何故俺は彼氏でもないのに、他称で女友達の下着のお片付けをしているのだろうか。本人が見ている前で、ご丁寧にもシワまで伸ばして優しい手つきで、ご立派過ぎるタンスの引き出しにしまってますよ。
「あ、ありがと。ごめんね」
「ま、まぁ、こんなことをすること自体が無いからな。いいよ」
「嬉しい?」
「え? さよりの下着に触れていることがか?」
「う、うん。湊が触っている下着を着けることになるのかなって思えたら嬉しくなったの」
なるほど。デレの完全体になってしまったんだな。しかし残念ながら、俺は下着なんぞに性的興奮を感じる人間じゃない。たとえ本人がこれを着けるであろうと想像したとしてもだ。それに、今のさよりは確かに予想外の可愛さが溢れちゃっているが、どちらかというと俺は、ゾクゾクするような色気のある女子が好みだ。こういうことを思っていると俺の携帯が自己主張をしそうだけど、今はサイレント中だ。問題ない。それにしても下着ありすぎなんじゃないのか? 男と女子では違うのかもしれないけど、特にブラジャーがおかしいくらいある。しかも気づいたことに、サイズが全て違うのだ。これはどういうことなのだろうか。ちなみにさよりのお部屋は、可もなく不可もなく。ベッドがあり、机があり、照明もLEDで優しい。しかし、そんな洋室に由緒あるタンスがドーン。ほぼ下着オンリータンスだったようだ。
「な、なぁ、ちょっと聞いていいか?」
「う、うんっ」
「その……どうしてこんなに違うサイズのブラジャーが山のようにあるんだ?」
「だ、だって……」
「んん?」
さよりは自分の胸をじっと見つめながら、照れくさそうに俺と下着を交互に見ている。うん、さっぱり分からないな。

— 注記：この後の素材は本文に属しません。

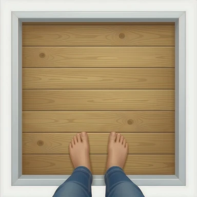 ceiling with exposed floorboards and feet seen standing on the above floor through one of the floorboard gaps emoji

「成長中なの……。だ、だから、その日が来ても困らないように買っておいているの」
「つまり成長するであろうを見越して、B以上のモノばかり買っておいている……と?」
「う、うん」
「そうか、それは何とも残念な期待をかけているんだな。安心していい! それは残念だけど、一年や二年くらいでは着ける可能性は無いに等しいと思うぞ。だからこの下着は姫ちゃんにプレゼントを――ど、どうした?」
「わたしには成長の見込みがないと……そう言うの?」
「うん、残念だけどな」
「……」
これは俺がかつてやったアレに似ている。ハマりすぎていた欲しいアニメの中身なしボックスだけを買っておき、単品ソフトだけ買い揃えておくというアレに。恐らくさよりも先行投資型なのだろう。買っておけば安心するし、それさえあれば、いつか必ず全て手に入ると信じて手元に置いておくという行為だ。しかしこれには欠点がある。自分で分かってしまうのだ。全てが揃う前に、それだけは手に入らない現実を自分で悟ってしまう。さよりは下着……オムネさんに着けるブラジャーに、何かを期待して買い置きをしているということなのだろう。だが現実は優しくない。言いたかないが、鮫浜のオムネの弾力を感じてしまった以上、それをさよりにも期待できるかというと、出来ないにポイントを入れてもいい。だからこそかえって優しい言葉は酷になる。
「湊はわたしに期待しないと……?」
「オムネさんに関してはそうだな。果てしない地平線を彷徨ったのだから間違いない」
「バ……」
「ば?」
「バカ野郎! バカッ! 湊なんて、胸の谷間に顔を埋めて窒息すればいいんだわ! せ、せっかく努力してるってことを見せたくてお部屋に入れたのに……どうして湊はそんなに残念な野郎なの?」
「お前、自分で残念とか言って平気か?」
「あぁ、やはりあなたってば、デリカシーの欠片も持ち合わせていないくらいの大バカ野郎だったのね。わたくしがあなたのことを残念と言ったところでどうなるというのかしら? あなたのその意味は、ハリネズミが自分のハリに刺さるのは平気か? と言っているようなものだわ。何故わたくし自身の言葉で自分をキレさせるというのかしらね。あなたの方こそ残念なおバカさんね。あぁ、嫌だわ。あなたごときにこんなにも胸をドキドキさせて、緊張の渦に巻き込まれたりしてわたくしだけがバカを見たわ」
な、なんだ? 何でそこまでキレたんだ? 言ってはいけないことでも言ってしまったのか? それともやはり残念という言葉を耐えてきた心の耐久度が崩れてしまったのか? いくらデレていても調子に乗りすぎてしまったか。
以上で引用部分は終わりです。